# Magia por categorías > Magia de Cerca >  Visi-bill

## magic-xevi

Hola, busqué en el buscador acerca de este "change" pero solo ncontre 3 cosas que no me decian nada.
Estoy interesado en hacerlo y me gustaría saber si es costoso de hacer
Saludos

----------


## Marco Antonio

Hola Xevi, el único video que he incluido en la sección de videos es el Visi-bill, echalé un vistazo y hablamos.

Hola, edito el post porque no sabía que el video habia sido retirado de los servidores.

Xevi, es un video comercializado y no podemos explicar pero si que podemos responder a preguntas concretas sin desvelar.
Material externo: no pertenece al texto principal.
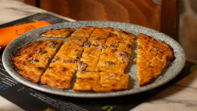 Nduja di Melicuccà, stracchino, scamorza affumicata, cipolla di tropea, gocce di pomodoro del Gargano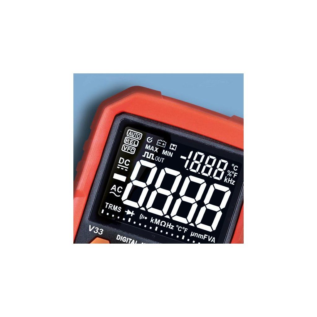 Přístroj nabízí široké možnosti měření včetně napětí, proudu, odporu, kapacity, frekvence a teploty. Magnetický držák umožňuje pohodlné umístění multimetru při práci bez nutnosti držet jej v ruce. Funkce NCV (bezkontaktní detekce napětí) v rozsahu 30 V až 1000 V zvyšuje bezpečnost práce tím, že upozorní na přítomnost napětí bez nutnosti přímého kontaktu s vodičem.

Pregunta aquello en lo que tengas dudas.

----------


## halexx

Yo realizo ese cambio, lo he aprendido el otro dia, es bastante vistoso y si le coges practica, muy bonito y gracioso.



saludoss!!! :D  :D  :o  :o

----------


## juanete

Alguien podría explicar el efecto, por favor  :Smile1:

----------


## NiponT

Buenos dias a todos..Juanete amigo que tal..si no me equivoco es el cambio de billete de valor no?yo tengo un video de ello esta bastante bien...

----------


## juanete

Vale gracias, creo que es el que te mande, lo conocía por otro nombre.

----------


## NiponT

si efectivamente es el que tu y yo conocemos y ya hemos hablado...jajaja

----------


## juanete

8-)  8-)  :D

----------